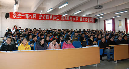 学院党委书记高殿荣就学院深入开展党的群众路线教育实践活动作动员报告。他传达了校党委书记孟卫东同志在全校教育实践活动动员大会上的讲话精神,对深入开展党的群众路线教育实践活动的重要意义、目标要求、主要环节等方面进行了安排部署。
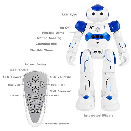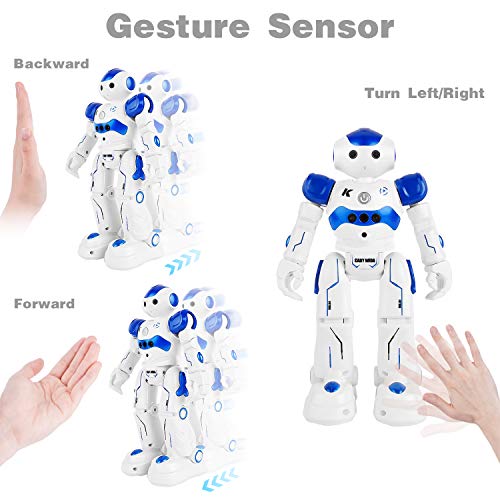 【Remote and Hand Gestures Control Robot】You can use the remote or do hand gestures to control this smart robot toy,it can move forward,backward,turn left and turn right simply through your gestures.The eyes light up with bright blue LED’S when it moves.
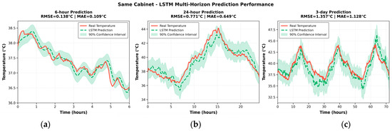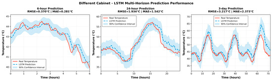 As shown in Figure 10, the 6 h forecast maintains good phase alignment and amplitude accuracy, comparable to the same-cabinet case. However, with an increasing forecast horizon (24 h and 3 days), the deviations become more evident: the peak amplitudes slightly decrease, response lags appear on rising edges, and uncertainty intervals widen.

** TO DO **
Reproduce exactly, and only, the lines from the opening line of the listing above through the line holding "when it moves.", minus the pictures.

** TASK ANSWER **
 学院党委书记高殿荣就学院深入开展党的群众路线教育实践活动作动员报告。他传达了校党委书记孟卫东同志在全校教育实践活动动员大会上的讲话精神,对深入开展党的群众路线教育实践活动的重要意义、目标要求、主要环节等方面进行了安排部署。
 【Remote and Hand Gestures Control Robot】You can use the remote or do hand gestures to control this smart robot toy,it can move forward,backward,turn left and turn right simply through your gestures.The eyes light up with bright blue LED’S when it moves.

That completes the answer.